What is needed is an exact copy of the records below, minus any pictures.

[Opening Available data section]

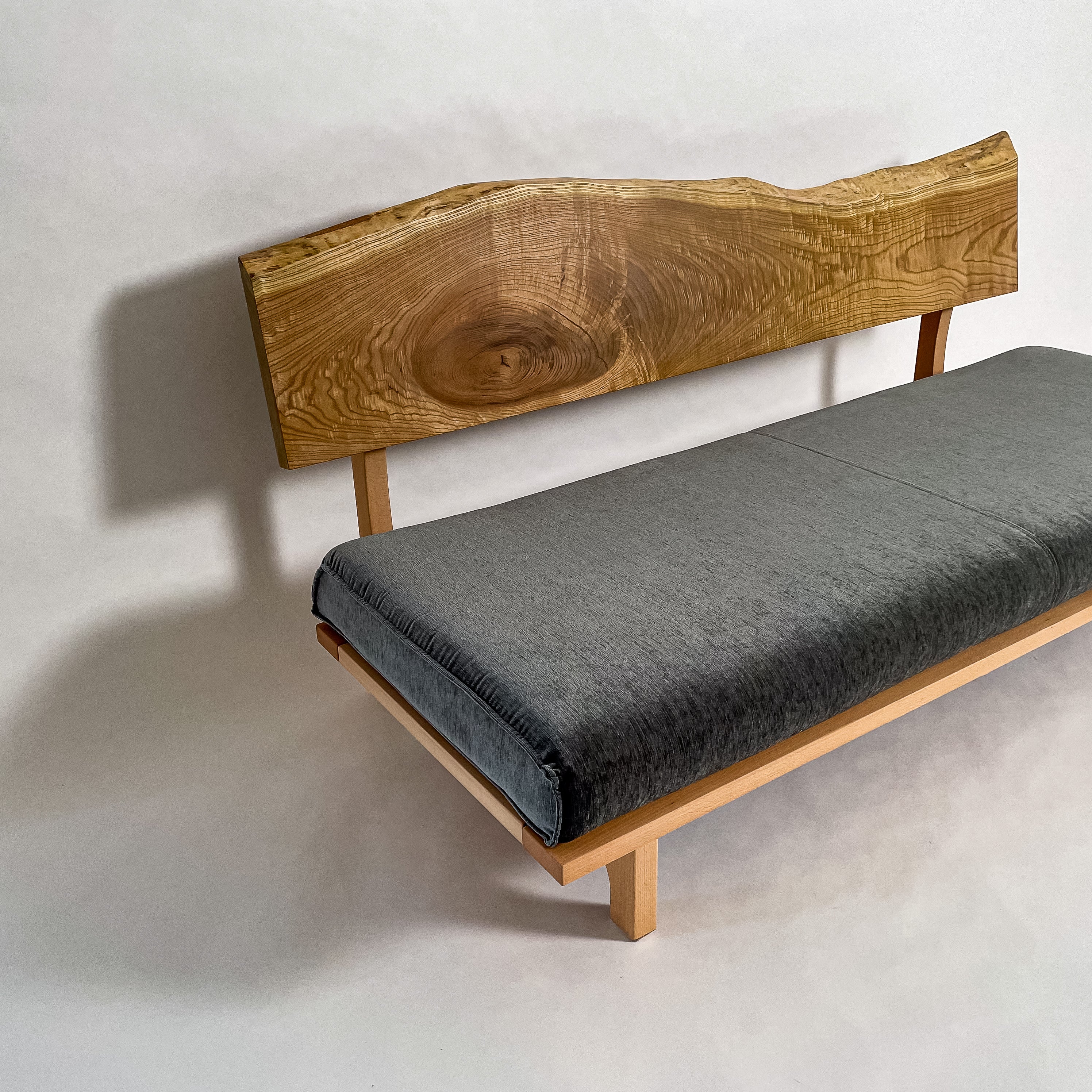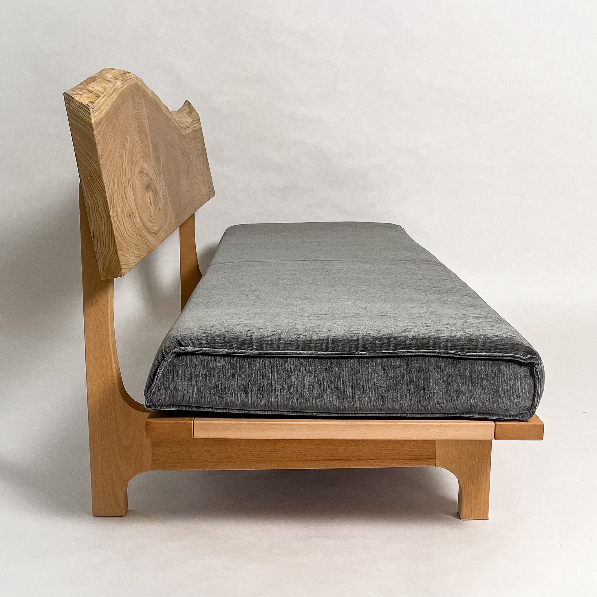 黄檗の一枚板を背もたれと肘置きに贅沢に用い、自然な曲線をそのまま残しました。木の温もりと重厚感が調和し、見た目の美しさと座り心地の両方を楽しめる上質なソファで、暮らしに豊かな彩りを添えます。
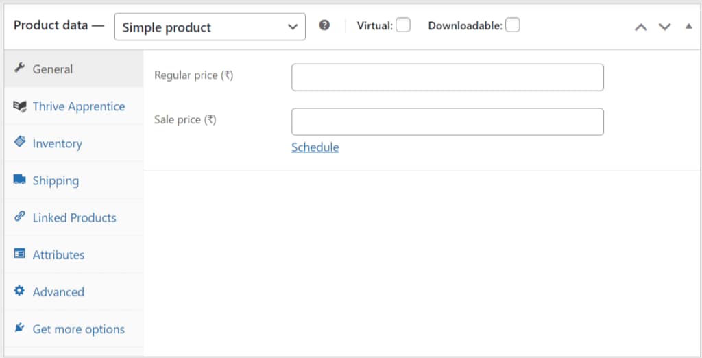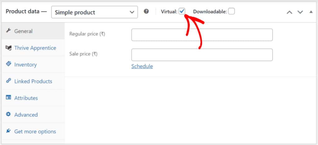 Furthermore, you can select whether your product is virtual or a downloadable open. Since you are offering a set of Thrive Apprentice courses, it is recommended that you select Virtual.
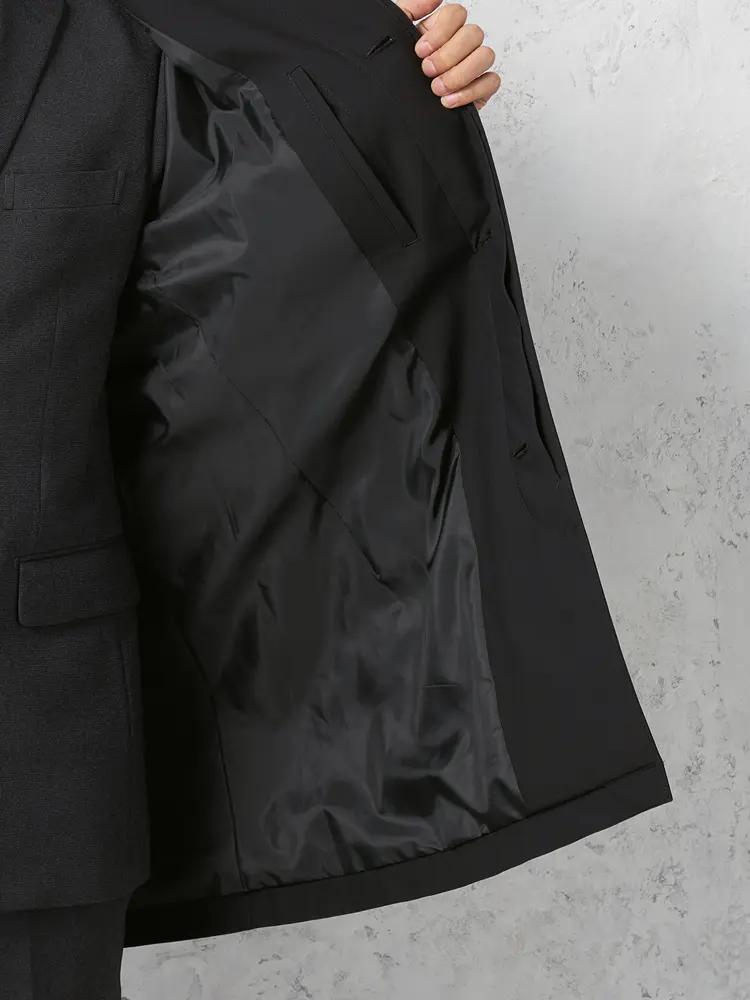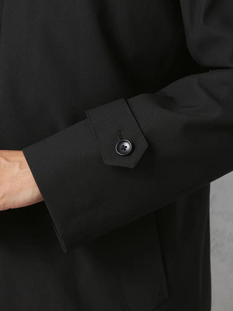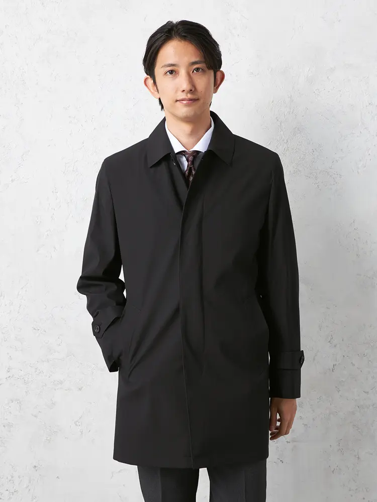 センターベントで動きやすく、比翼仕立てのデザインがスマートな着こなしを演出する、機能美に優れた一着です。
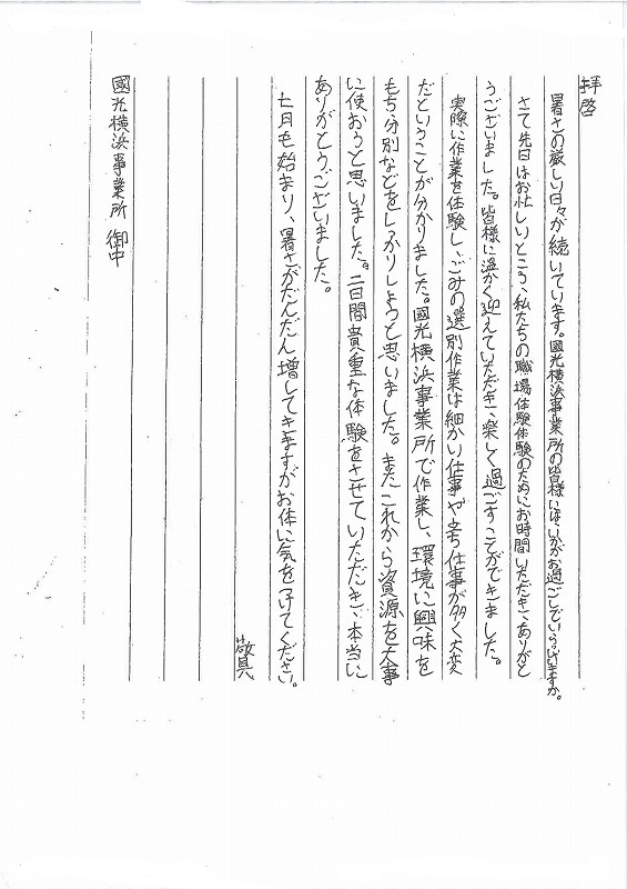 職場体験学習へいらした時の感想文を頂いておりますので、ご紹介させていただきました。
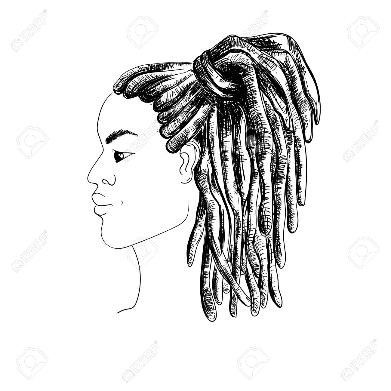Un negro y blanco dibujo de un mujer con rastas 55607422 Vector en ...
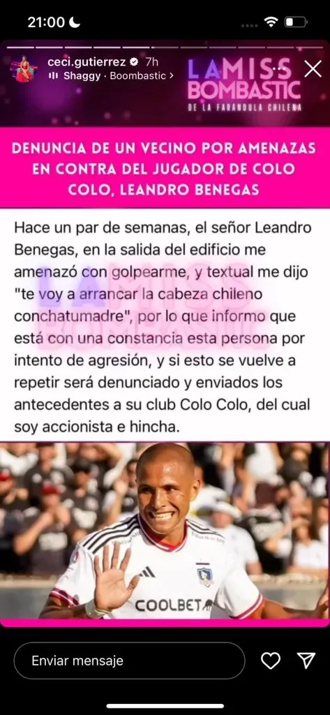 Leandro BenegasLa periodista Cecilia Gutiérrez a través de una historia de Instagram desató la polémica.esperando que tomen acciones con el futbolista después de esta violenta amenaza. Es más, el vecino es accionista de Colo Colo.

[Closing Available data section]

Output for this task
 黄檗の一枚板を背もたれと肘置きに贅沢に用い、自然な曲線をそのまま残しました。木の温もりと重厚感が調和し、見た目の美しさと座り心地の両方を楽しめる上質なソファで、暮らしに豊かな彩りを添えます。
 Furthermore, you can select whether your product is virtual or a downloadable open. Since you are offering a set of Thrive Apprentice courses, it is recommended that you select Virtual.
 センターベントで動きやすく、比翼仕立てのデザインがスマートな着こなしを演出する、機能美に優れた一着です。
 職場体験学習へいらした時の感想文を頂いておりますので、ご紹介させていただきました。
Un negro y blanco dibujo de un mujer con rastas 55607422 Vector en ...
 Leandro BenegasLa periodista Cecilia Gutiérrez a través de una historia de Instagram desató la polémica.esperando que tomen acciones con el futbolista después de esta violenta amenaza. Es más, el vecino es accionista de Colo Colo.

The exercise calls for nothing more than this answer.